| I would not call Gtk+ a "huge technical debt", but there is some truth in what you say. Gtk+ development has been badly under-sponsored by the companies that sponsor GNOME development. In recent years, Cairo and then Clutter were the hot new toolkits that many people used to supplement Gtk. (Clutter provides a 2.5D canvas that can be used in Gtk+ applications and Cairo is used by Gtk+ to draw widgets.) Qt, on the other hand, is backed by Nokia and has been undergoing constant development. The difference is noticeable.

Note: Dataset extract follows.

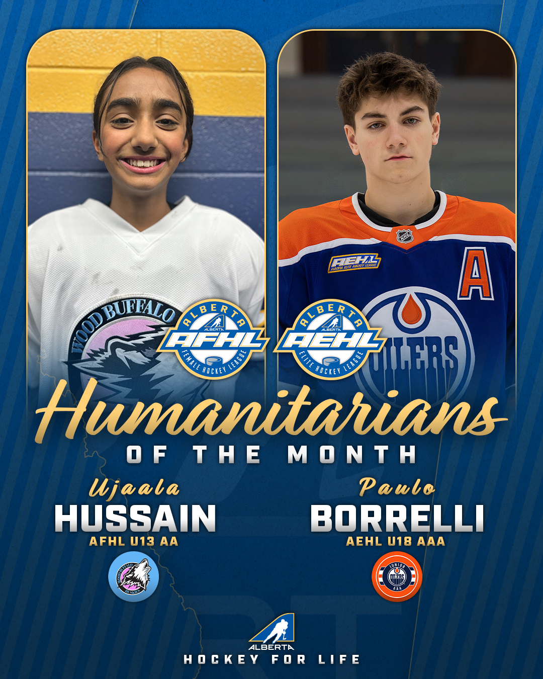 The Alberta Elite Hockey League and Alberta Female Hockey League are proud to announce the Humanitarians of the Month for the Month of November.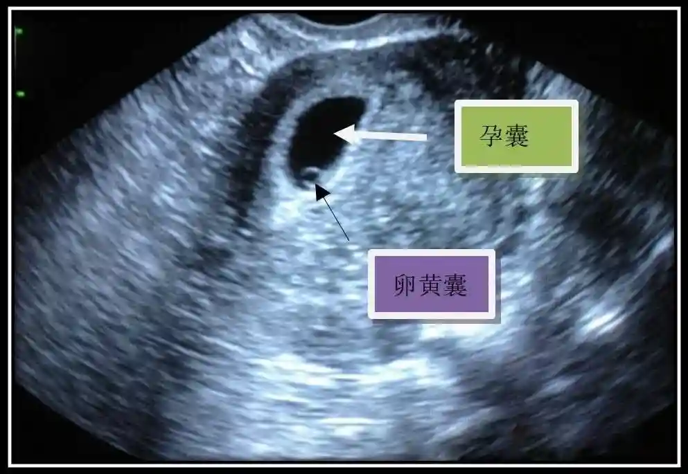 2??卵黃囊:是妊娠囊內(nèi)第一個(gè)解剖結(jié)構(gòu),直徑<7mm。表現(xiàn)為小環(huán)狀,中央為無(wú)回聲,囊壁薄,內(nèi)透聲好。卵黃囊位于胚胎旁胚外體腔內(nèi)。卵黃囊通常在孕5-6周時(shí)出現(xiàn),5-10周穩(wěn)步增長(zhǎng),一般不超過(guò)7mm,至12周消失。妊娠囊的大小與卵黃囊之間有一定關(guān)系,妊娠囊平均直徑> 8 mm 時(shí),經(jīng)陰道超聲均應(yīng)顯示卵黃囊,妊娠囊平均直徑> 18 mm 時(shí),經(jīng)腹超聲均應(yīng)顯示卵黃囊。

There was a time when people spoke excitedly about creating new GNOME applications using Clutter, because Gtk+ itself didn't support what they wanted to do. Clutter was (and still is) blessed by GNOME. Among other programs, many GNOME games have been rewritten to use Clutter with a small Gtk+ wrapper. I am no longer involved in GNOME, so I can't say for sure how people feel right now. I would guess that the attitude is what it has always has been: Gtk+ might not be amazing, but it is good enough for what we need. Use Clutter if you need a canvas. It would be insane to switch to another toolkit, as that would kill the GNOME project. Edit: I want to add a few points I forgot to mention: 1. Gtk+ 3.0's support for CSS theming will level the playing field with other toolkits, and especially with Qt. This is the most exciting addition to Gtk+ 3.0. To be honest, it is long due. 2. Qt is my personal choice for a cross platform toolkit in high-level languages. Qt Designer, QLayouts, and Qt's language bindings are very good, and have all been present for years. Gtk+ has good language bindings, but it is lacking in all of the other areas. Furthermore, Qt's last few releases bring many new features that Gtk+ is missing and wont implement soon. 3. Despite my preference for Qt, I still use Gtk+ for small small C programs because Qt is written in C++. Gtk+ isn't as fun as Qt, but being forced to use C++ is plain out painful. |
Cairo drawing throughout. GDK no longer wraps the antiquated X11 drawing API; we've made a clean break and exclusively rely on cairo for all our drawing needs now.
As for Clutter, the OpenGL based canvas, Gnome-Shell (aka the Gnome 3 desktop UI) uses cluttter throughout. The new window manager is called Mutter which is a fork of Metacity to use Clutter for hardware acceleration and all the panels and other desktop UI are also rendered this way.